Proponer a estas alturas una reforma constitucional para cambiar las raíces del Estado anulando la identidad de la Nación, es una forma de tirar pa’lante el problema catalán, como el puntapié que el jugador de rugby propina al balón para defenderse del acoso y seguir avanzando. ¿Ganar tiempo? tal vez, pero a costa de un precio seguramente prohibitivo y con escasas garantías de éxito.
Parece que cayo en el olvido aquel corolario de la conllevancia a que llegó uno de los más lúcidos observadores del ser español, Ortega y Gasset, hace ya muchos años: Cataluña es un problema con el que tenemos que convivir.
En célebre discurso en el Congreso de la II República, mayo de 1932, decía Ortega que “después de todo, no es cosa tan triste eso de conllevar. ¿Es que en la vida individual hay algún problema verdaderamente importante que se resuelva? La vida es esencialmente eso: lo que hay que conllevar, y, sin embargo, sobre la gleba dolorosa que suele ser la vida, brotan y florecen no pocas alegrías”.

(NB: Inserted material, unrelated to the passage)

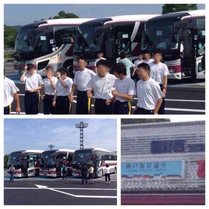 龍野西SAでトイレ休憩をとりました。バス車内では、生徒たちはレク係が編集したCDを聞きながらおしゃべりするなど楽しく過ごしています。
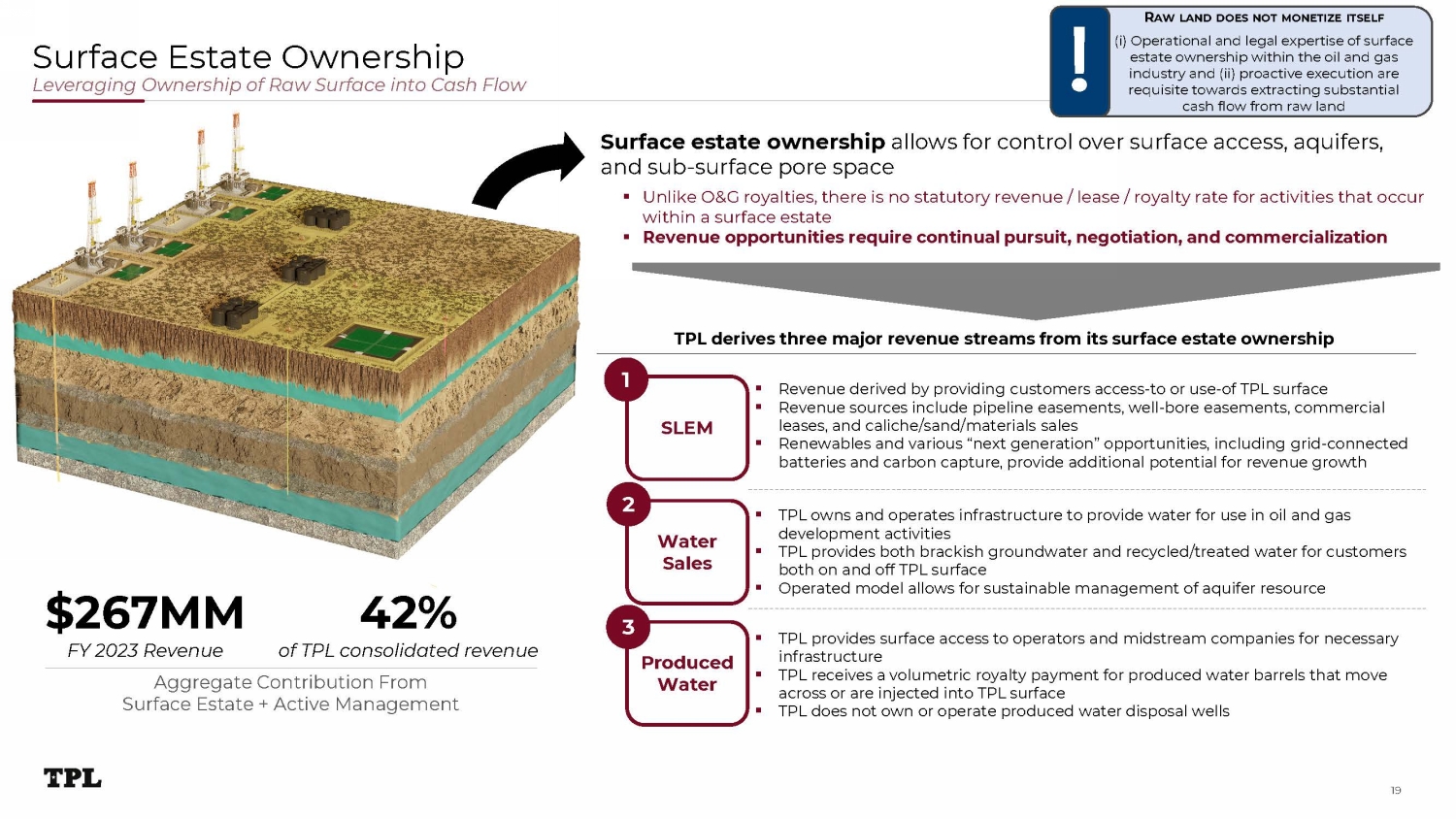 3 5% 1 3% 1 6 % 1 0 % 2 6% $ 1 00, 000 Illustrative Easement Renewal Payment Easement contracts generally have two 10 - year renewal payments at greater of 115% or CPI - escalation amount $115,000 $ 13 2 , 25 0 Year 0 Year 10 Year 20 Surface, Leases, Easements and Materials (SLEM) Overview and Management $ 7 1 M M Pipeline easements Caliche / materials Commercial leases Well bore easements Oth e r Provide operators/customers access - to or use - of TPL surface for infrastructure and materials TPL utilizes standardized forms and payment structures and delivers quick turnaround to operator customers TPL easements typically have initial 10 - year term with additional 10 - year renewal options for the life of the infrastructure Easement renewal payments generally the greater of 115% or CPI - escalation from the previous easement payment Installed infrastructure tends to be long - lived and/or permanent Amount of revenue opportunities generally correlates to development activity in the Permian Leveraging technology such as advanced GIS, satellite imaging, and automation tools to monitor surface activity Experienced, specialized land asset managers dedicated to all aspects of surface commercialization provide consistent operator interaction, contract execution, and trespass monitoring New activity developments on TPL land is shared across business groups for lead generation and revenue opportunities Employs numerous personnel focused on identifying and developing opportunities for new revenue streams Before active management, operators often trespassed and/or underpaid for activities on TPL land How TPL is Delivering Value TPL SLEM Revenue Breakdown (FY 2023) Revenue Mechanics and Management Potential for subsequent renewal payments 20

Si no padeciésemos la penuria cultural vigente, la ignorancia que tapona las experiencias histórico-políticas vividas en este país, podríamos sacar más provecho de lo que nuestros mejores nos legaron. Durante la Transición alguien se ocupó de revisar experiencias entonces más recientes, como aquellos debates sobre los que se construyó la II República y su Estatuto catalán. Y los constituyentes del 78 siguieron los pasos del diputado republicano Ortega y Gasset. Así nació la política autonómica, frente a la definición federal del Estado.

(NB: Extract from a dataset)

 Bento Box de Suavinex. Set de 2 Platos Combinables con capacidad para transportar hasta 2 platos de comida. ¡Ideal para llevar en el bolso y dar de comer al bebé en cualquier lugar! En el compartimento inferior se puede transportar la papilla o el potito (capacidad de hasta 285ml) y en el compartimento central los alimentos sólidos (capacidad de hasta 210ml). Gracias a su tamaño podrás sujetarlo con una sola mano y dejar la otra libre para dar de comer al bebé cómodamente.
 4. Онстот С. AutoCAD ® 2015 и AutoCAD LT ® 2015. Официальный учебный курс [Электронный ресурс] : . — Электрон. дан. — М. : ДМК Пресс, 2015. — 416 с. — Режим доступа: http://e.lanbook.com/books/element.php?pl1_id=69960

Ortega había dicho a los representantes catalanes que si querían llegar a resolver su problema no presentaran su propuesta en términos de soberanía, como ahora hacen Mas y compañía, sino en términos de autonomía. Y precisaba que “autonomía significa, en la terminología jurídico política, la cesión de poderes; en principio no importa cuáles ni cuántos, con tal que quede sentado de la manera más clara e inequívoca que ninguno de esos poderes es espontáneo, nacido de sí mismo, que es, en suma, soberano, sino que el Estado lo otorga y el Estado lo retrae y a él reviene. Esto es autonomía. Y en ese plano, reducido así el problema, podemos entendernos muy bien, y entendernos –me importa subrayar esto– progresivamente, porque esto es lo que más conviene hallar: una solución relativa y además progresiva”.

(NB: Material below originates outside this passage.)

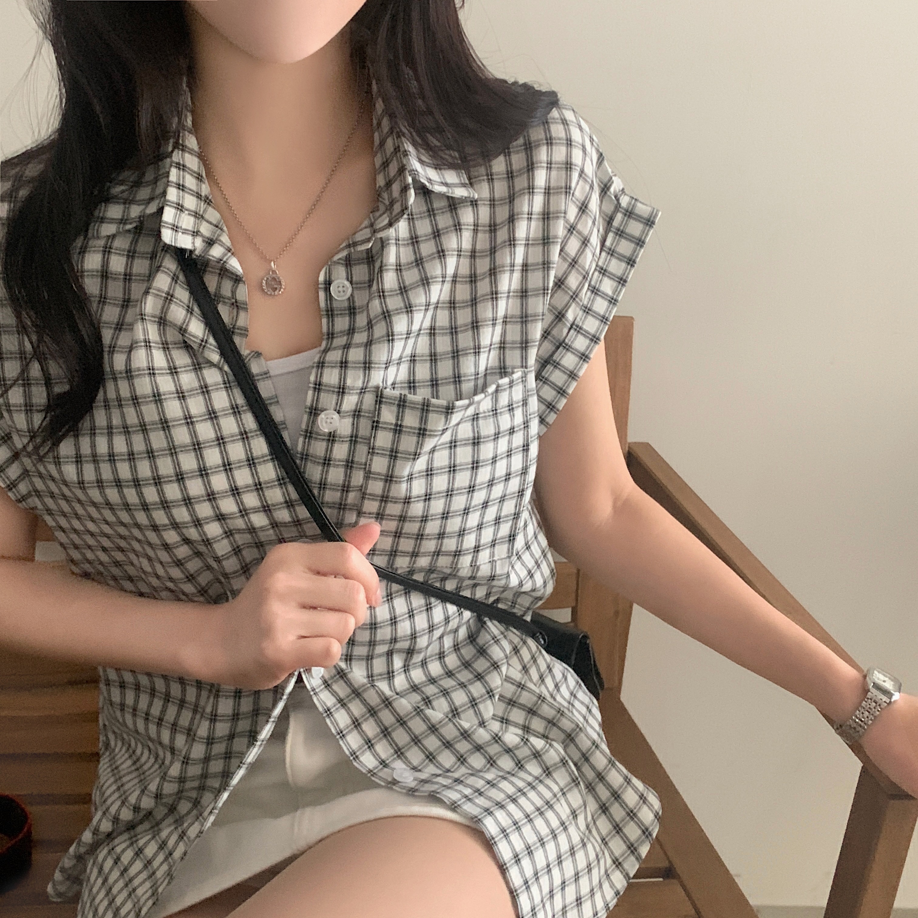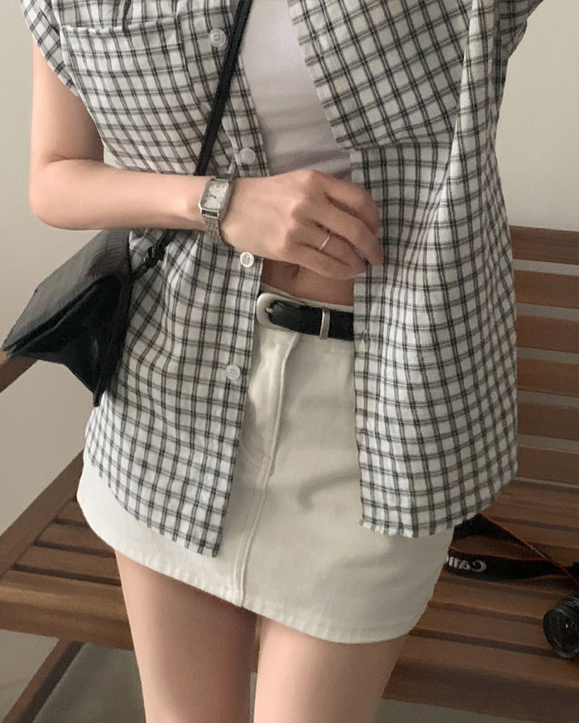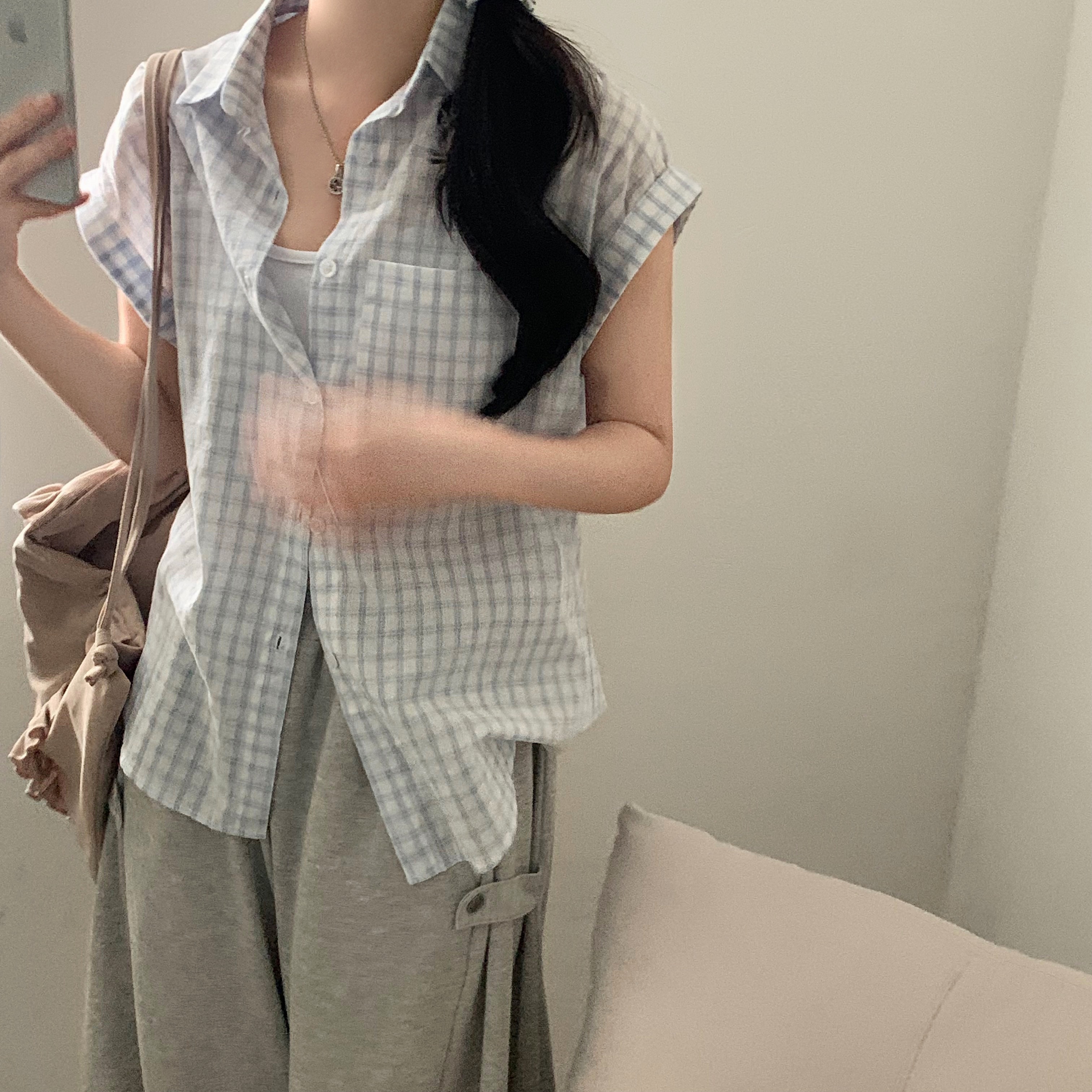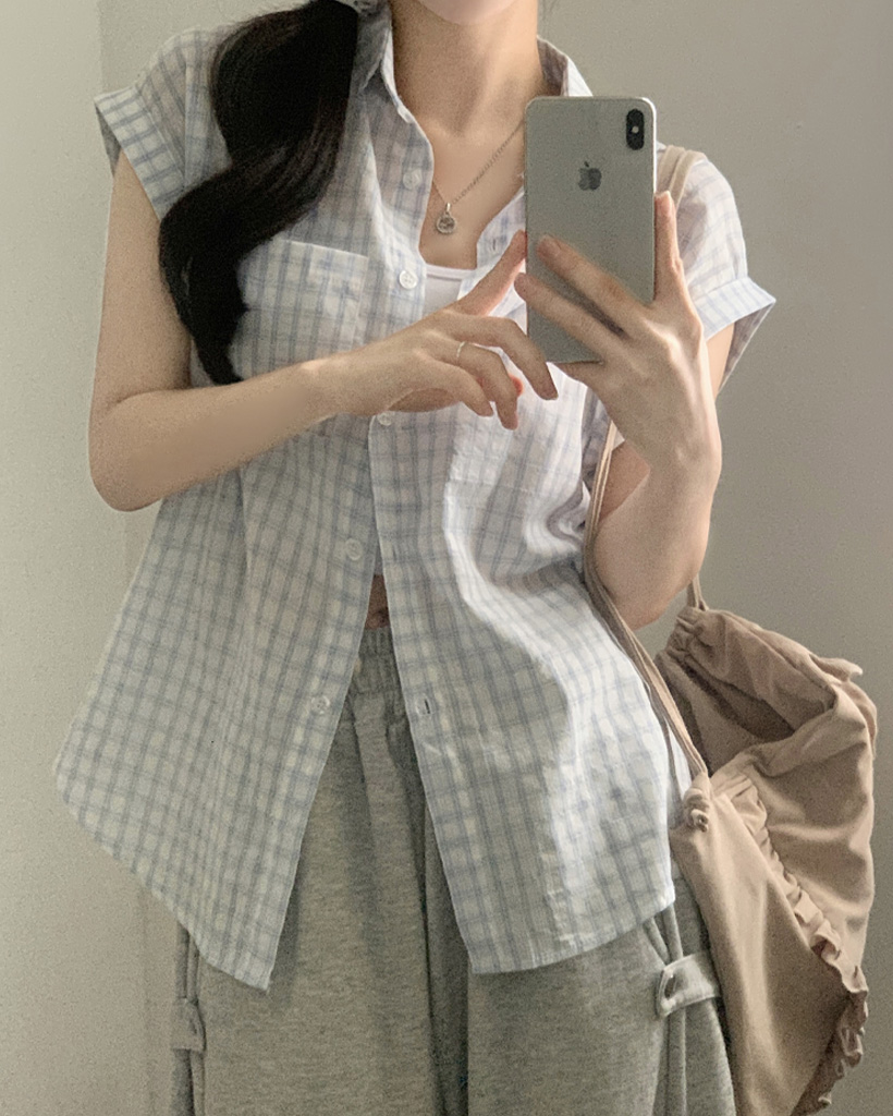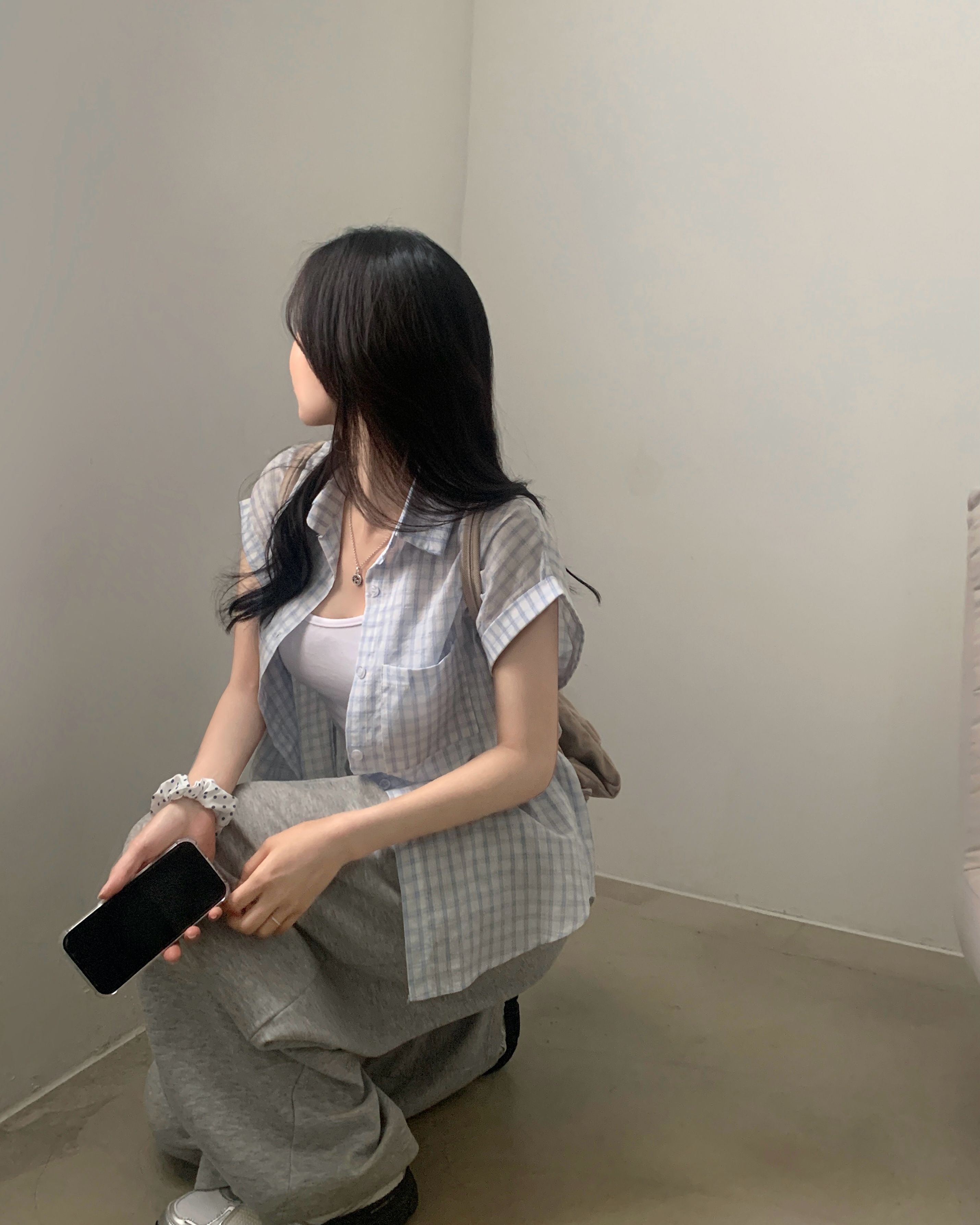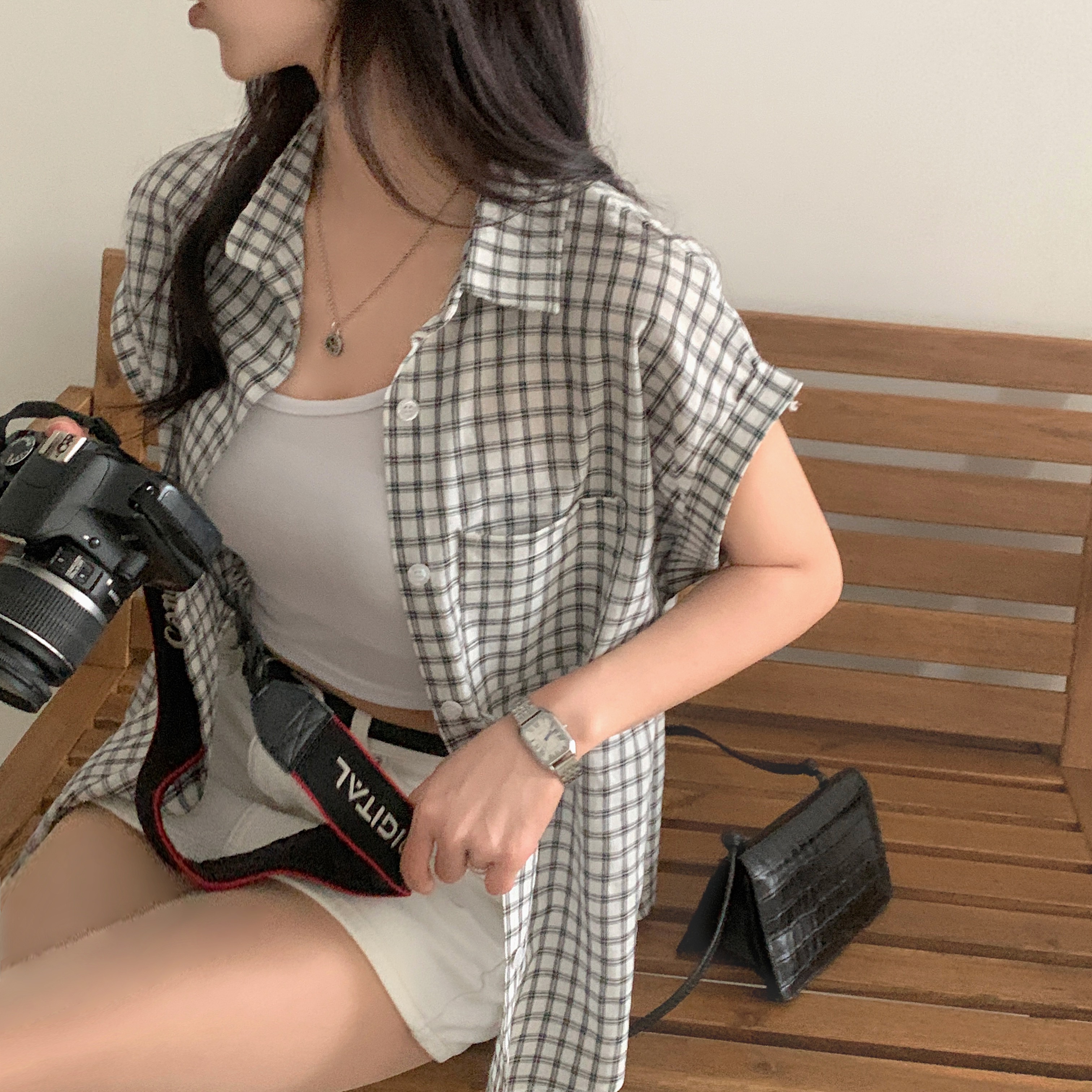 ヴィンテージチェックロールアップ半袖シャツ-3color

Porque soluciones definitivas no caben ante los problemas que plantean los nacionalismos particularistas, sentimiento que, en palabras del mismo Ortega “se apodera de un pueblo o colectividad y le hace desear ardientemente vivir aparte de los demás pueblos. Mientras éstos anhelan lo contrario: adscribirse, integrarse, fundirse en una gran unidad histórica, en esa radical comunidad de destino que es una gran nación, esos otros pueblos sienten, por una misteriosa y fatal predisposición, el afán de quedar fuera, exentos, señeros, intactos de toda fusión, reclusos y absortos dentro de sí mismos”.
Y seguía, “reconozcamos que hay de sobra catalanes que, en efecto, quieren vivir aparte de España. Ellos son los que nos presentan el problema; ellos constituyen el llamado problema catalán, del cual yo he dicho que no se puede resolver, que sólo se puede conllevar. Y ello es bien evidente; porque frente a ese sentimiento de una Cataluña que no se siente española, existe el otro sentimiento de todos los demás españoles que sienten a Cataluña como un ingrediente y trozo esencial de España, de esa gran unidad histórica, de esa radical comunidad de destino, de esfuerzos, de penas, de ilusiones, de intereses, de esplendor y de miseria, a la cual tienen puesta todos esos españoles inexorablemente su emoción y su voluntad.
Si el sentimiento de los unos es respetable, no lo es menos el de los otros, y como son dos tendencias perfectamente antagónicas, no comprendo que nadie, en sus cabales, logre creer que problema de tal condición puede ser resuelto de una vez para siempre. Pretenderlo sería la mayor insensatez, sería llevarlo al extremo del paroxismo, sería como multiplicarlo por su propia cifra; sería, en suma hacerlo más insoluble que nunca”.
Frente a esta lección del fundador de la Agrupación al Servicio de la República, la salida que los socialistas vienen ofreciendo hoy para calmar las ansias de los secesionistas catalanes, la conversión del Reino en un Estado federal, representa en el juego político lo mismo que la patada a seguir en el rugby, ese deporte de villanos jugado por caballeros según el dicho sajón: «Football is a gentleman’s game played by thugs and rugby is a game for thugs played by gentlemen«.